Problem requirements: The lines below, from the first through the one containing "Natural Flea and", are to be given again exactly, with pictures left out and nothing added.

══ Provided data

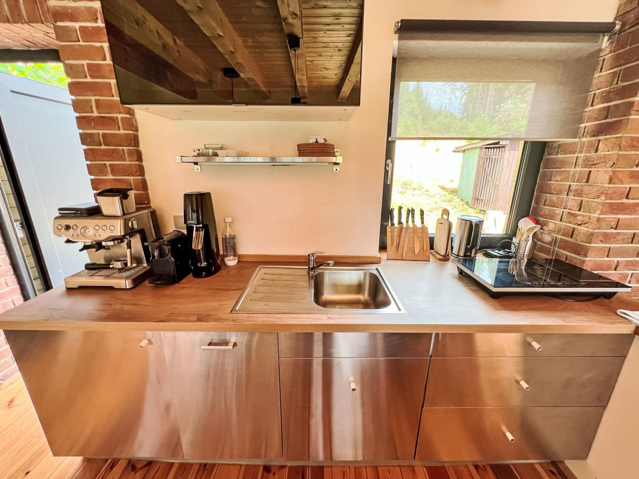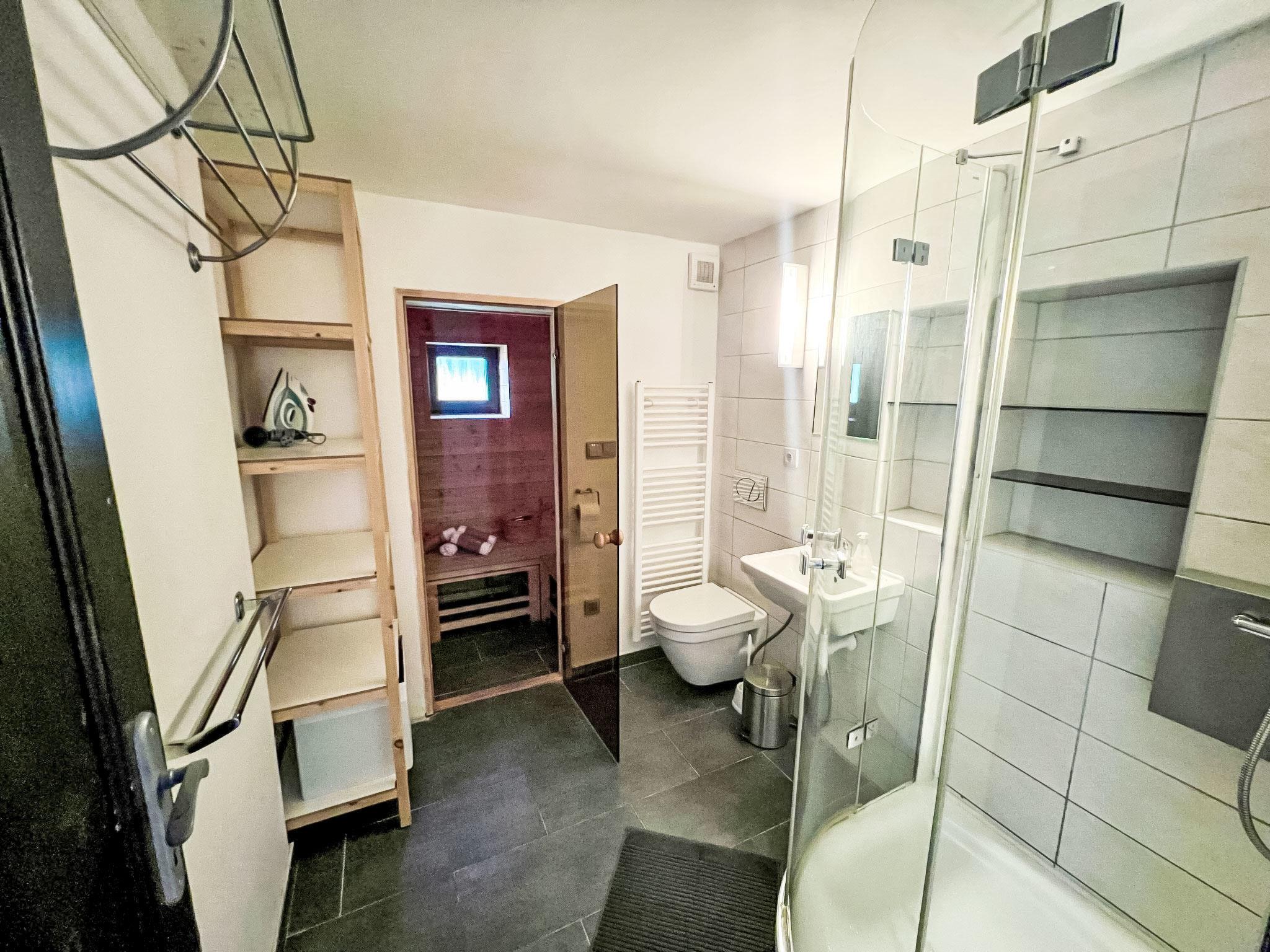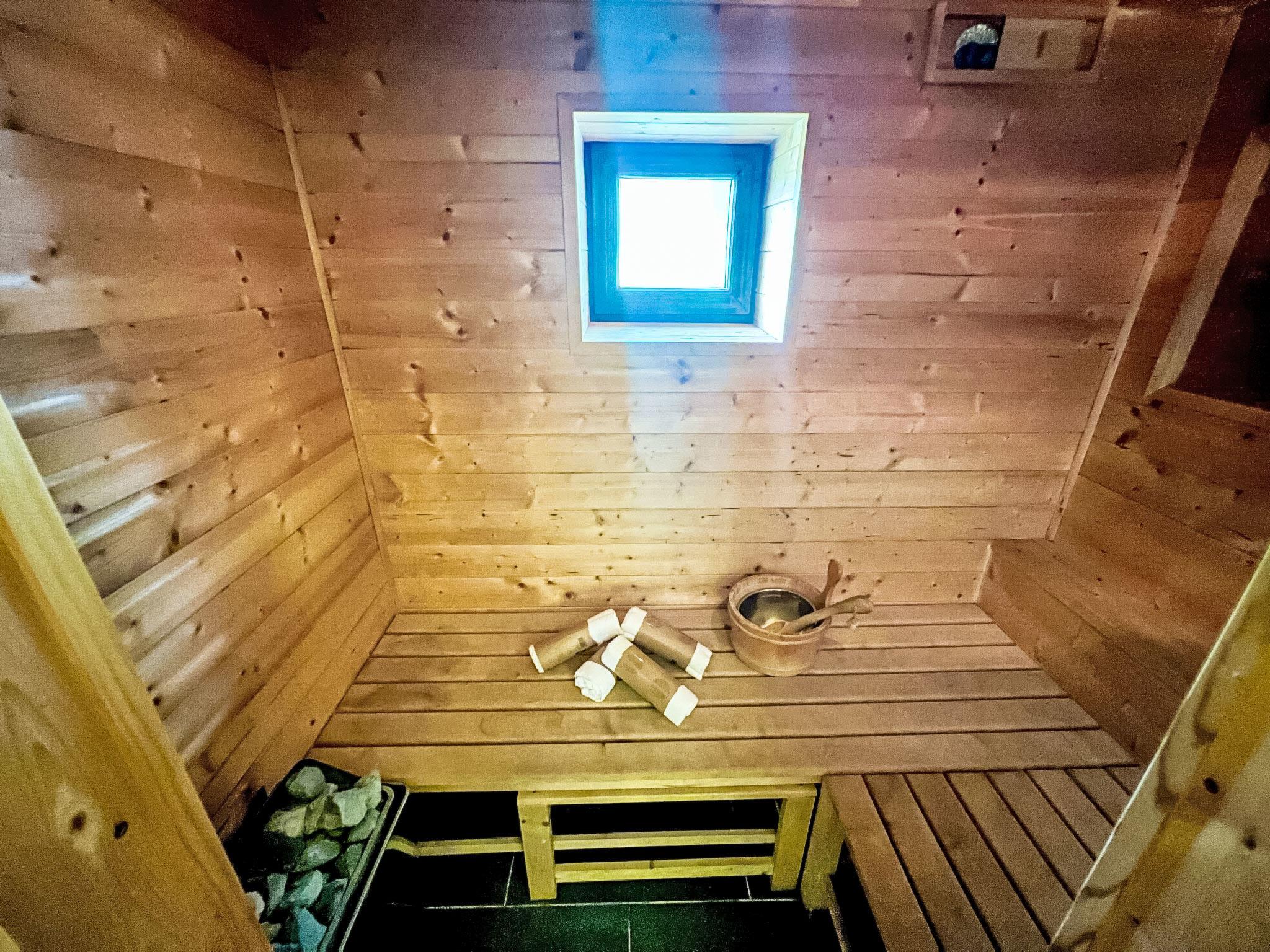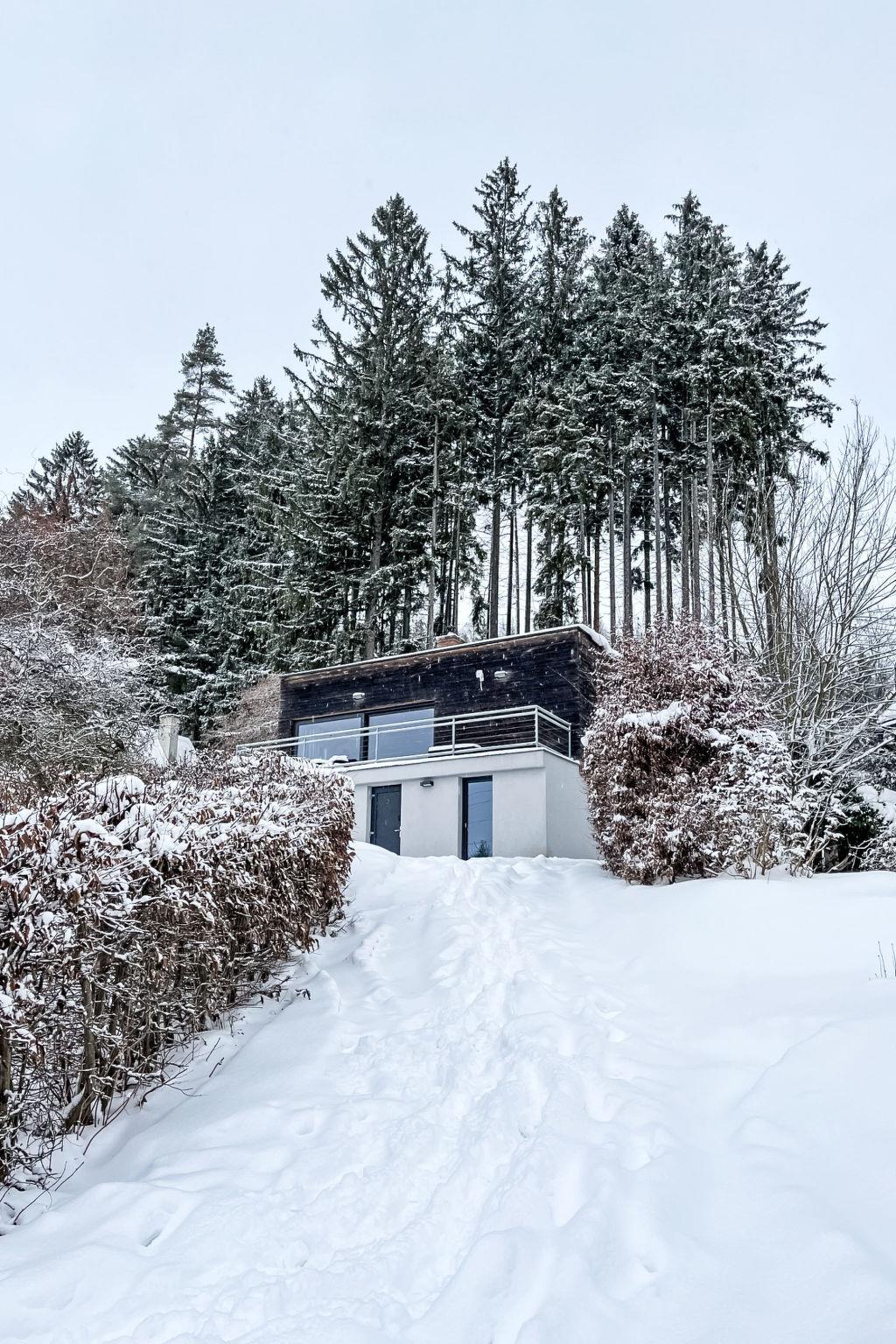 3-room chalet on 2 levels. 1 room with 1 double bed. Exit to the garden. 1 room with 1 x 2 bunk beds, 1 double bed. Exit to the garden. Shower/WC, sep. WC, Sauna. Upper floor: (steep stair) large living room with panoramic window with 1 double sofabed, Scandinavian wood stove and TV. Exit to the terrace. Kitchenette (oven, dishwasher, 4 induction hot plates, toaster, kettle, microwave, freezer, electric coffee machine) with dining table. Electric heating, wood heating. 2 terraces. Terrace furniture. Beautiful view of the countryside. Facilities: washing machine. Internet (WiFi, free). Please note: non-smoking house. Maximum 1 pet/ dog allowed.
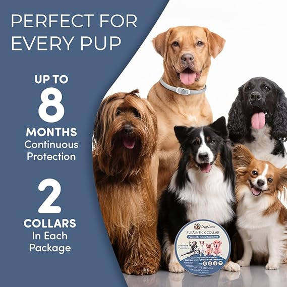Natural Flea and Tick Collar for Dogs & Cats - 8 Month Protection - Waterproof, Adjustable - 2 Pack - Essential Oils, Chemical-Free, Safe for Pets, People & The Planet
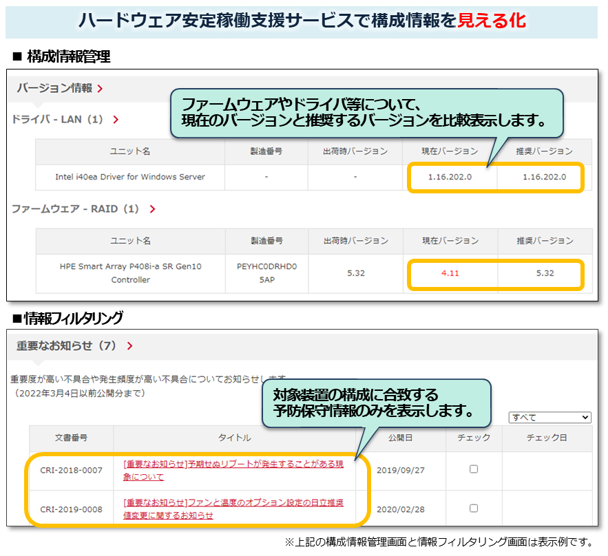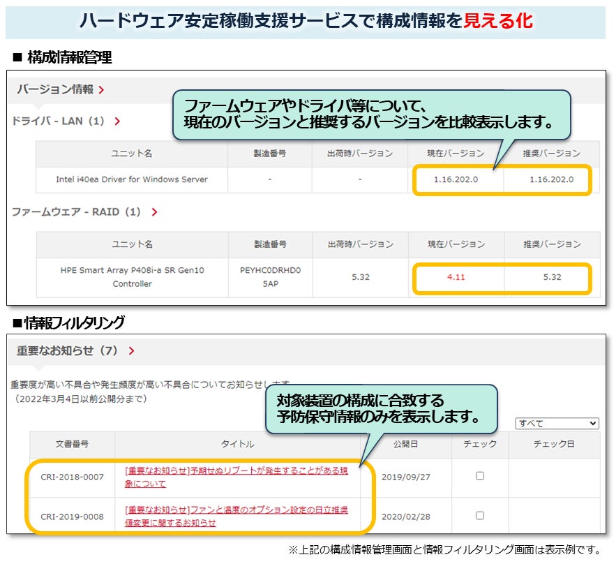 業務の集約度が上がりより重要度を増したシステムの安定稼働を継続していくためには、サーバのファームウェア・ドライバの既知不具合による障害発生を未然防止することが重要です。このたび、標準的な保守サービスメニューを強化し、当日対応のオンサイト保守作業や問題解決支援等に加えて、ハードウェア安定稼働支援サービスを1年間無償で提供いたします。ハードウェア安定稼働支援サービスでは、お客様専用サイトで、ハードウェア構成やファームウェア・ドライバ情報といった「構成情報」を提供するとともに、お客様の構成に該当する「重要なお知らせ/セキュリティ情報/アドバイザリ」を抽出しバージョン選択のサポートをいたします。これらにより、ファームウェア・ドライバのバージョン管理や更新作業の手間を削減し、作業漏れの予防を支援します。
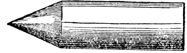 187The object of the conical clay head to the case is that the fire may not burn the holes larger. If the holes were simply bored through the paper case they would be burnt much larger than they were originally made. Nevertheless, if it be thought too troublesome to make the hollow clay cones, as I have suggested, a very fair five-pointed star may be made by driving in a flat end of clay, and boring just below it into the composition.

════

Output below:
 3-room chalet on 2 levels. 1 room with 1 double bed. Exit to the garden. 1 room with 1 x 2 bunk beds, 1 double bed. Exit to the garden. Shower/WC, sep. WC, Sauna. Upper floor: (steep stair) large living room with panoramic window with 1 double sofabed, Scandinavian wood stove and TV. Exit to the terrace. Kitchenette (oven, dishwasher, 4 induction hot plates, toaster, kettle, microwave, freezer, electric coffee machine) with dining table. Electric heating, wood heating. 2 terraces. Terrace furniture. Beautiful view of the countryside. Facilities: washing machine. Internet (WiFi, free). Please note: non-smoking house. Maximum 1 pet/ dog allowed.
Natural Flea and Tick Collar for Dogs & Cats - 8 Month Protection - Waterproof, Adjustable - 2 Pack - Essential Oils, Chemical-Free, Safe for Pets, People & The Planet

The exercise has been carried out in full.